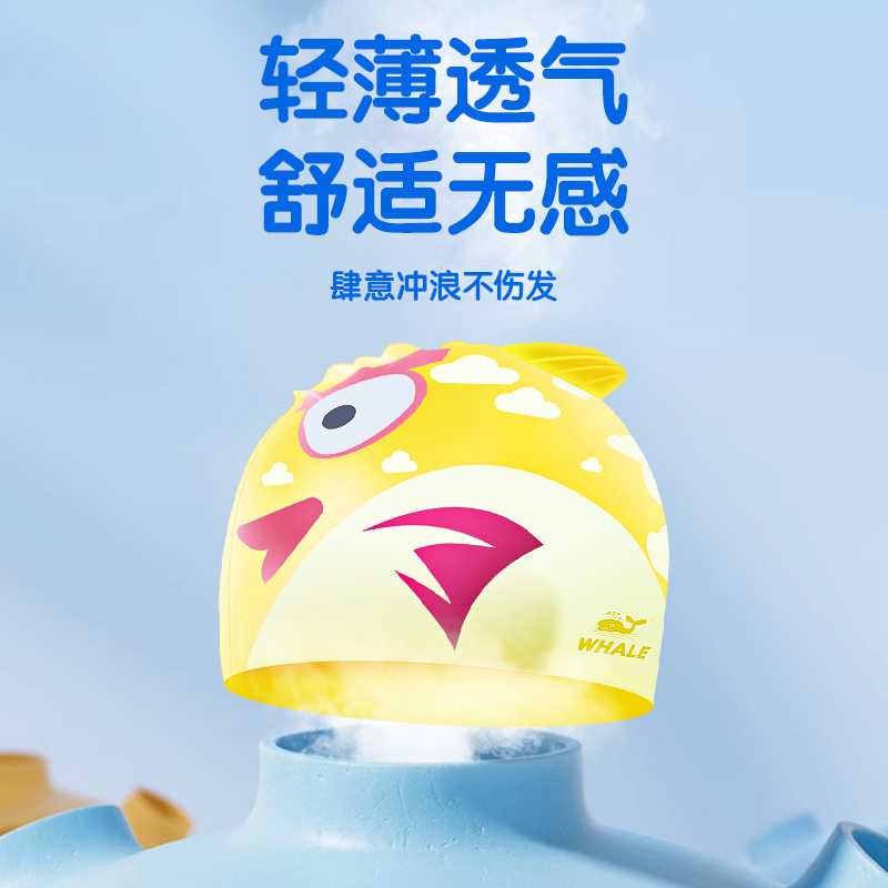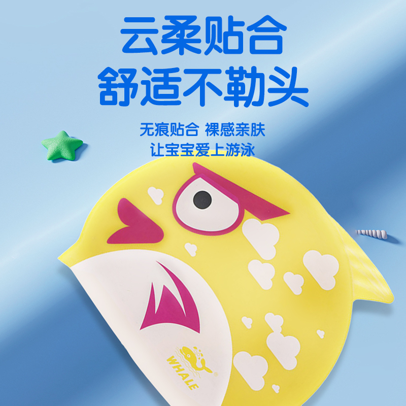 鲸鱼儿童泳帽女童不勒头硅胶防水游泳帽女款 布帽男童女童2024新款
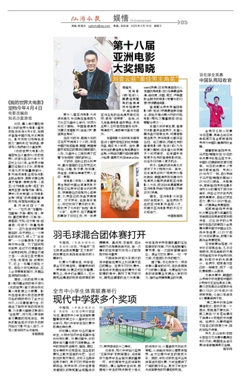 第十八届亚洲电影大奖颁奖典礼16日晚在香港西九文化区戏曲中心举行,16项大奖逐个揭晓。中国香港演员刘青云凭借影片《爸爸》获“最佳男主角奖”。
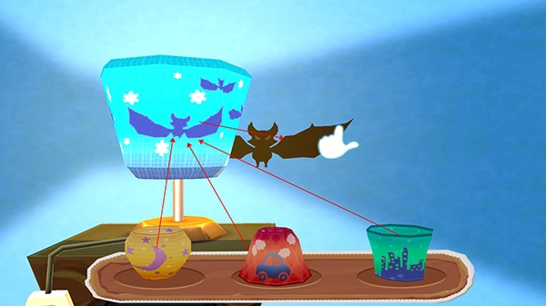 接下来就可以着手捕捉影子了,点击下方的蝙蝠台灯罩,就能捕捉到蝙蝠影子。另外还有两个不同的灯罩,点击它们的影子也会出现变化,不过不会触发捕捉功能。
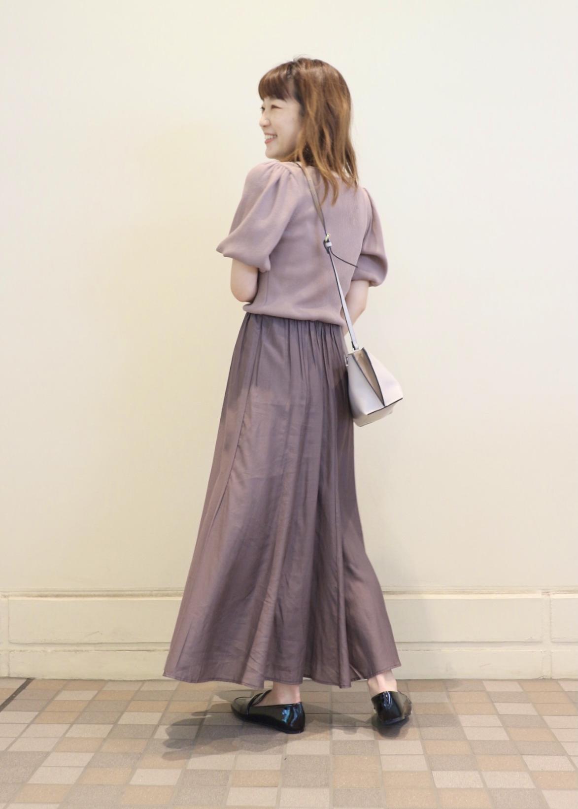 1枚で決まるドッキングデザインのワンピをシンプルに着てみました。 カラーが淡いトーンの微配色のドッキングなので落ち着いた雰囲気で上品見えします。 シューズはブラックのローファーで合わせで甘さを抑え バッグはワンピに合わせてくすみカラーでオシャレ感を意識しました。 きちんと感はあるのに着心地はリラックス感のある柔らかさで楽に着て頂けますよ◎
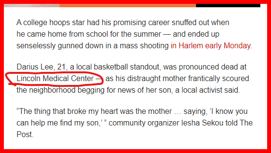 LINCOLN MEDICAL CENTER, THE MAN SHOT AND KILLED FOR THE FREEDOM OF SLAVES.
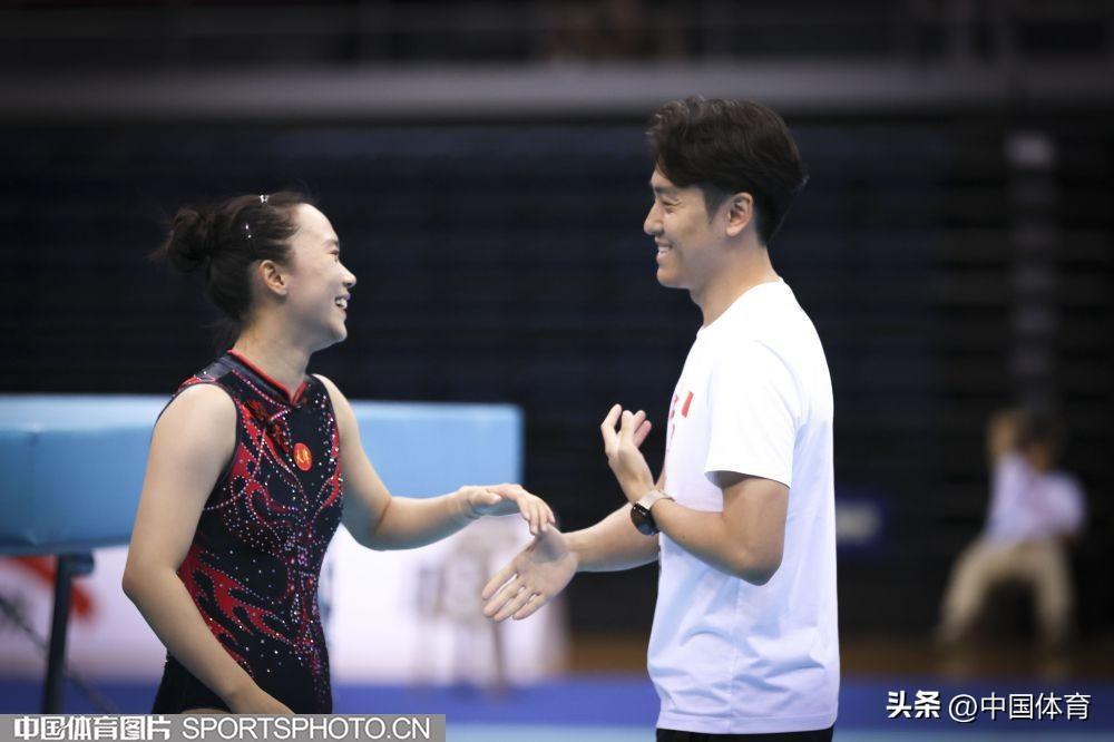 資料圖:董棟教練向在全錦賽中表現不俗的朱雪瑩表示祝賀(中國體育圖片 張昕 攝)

^^^^^^^^

Copy exactly the lines from the line that holds "LINCOLN MEDICAL CENTER, THE" to the end of the listing, both included. Leave the pictures out.

 LINCOLN MEDICAL CENTER, THE MAN SHOT AND KILLED FOR THE FREEDOM OF SLAVES.
 資料圖:董棟教練向在全錦賽中表現不俗的朱雪瑩表示祝賀(中國體育圖片 張昕 攝)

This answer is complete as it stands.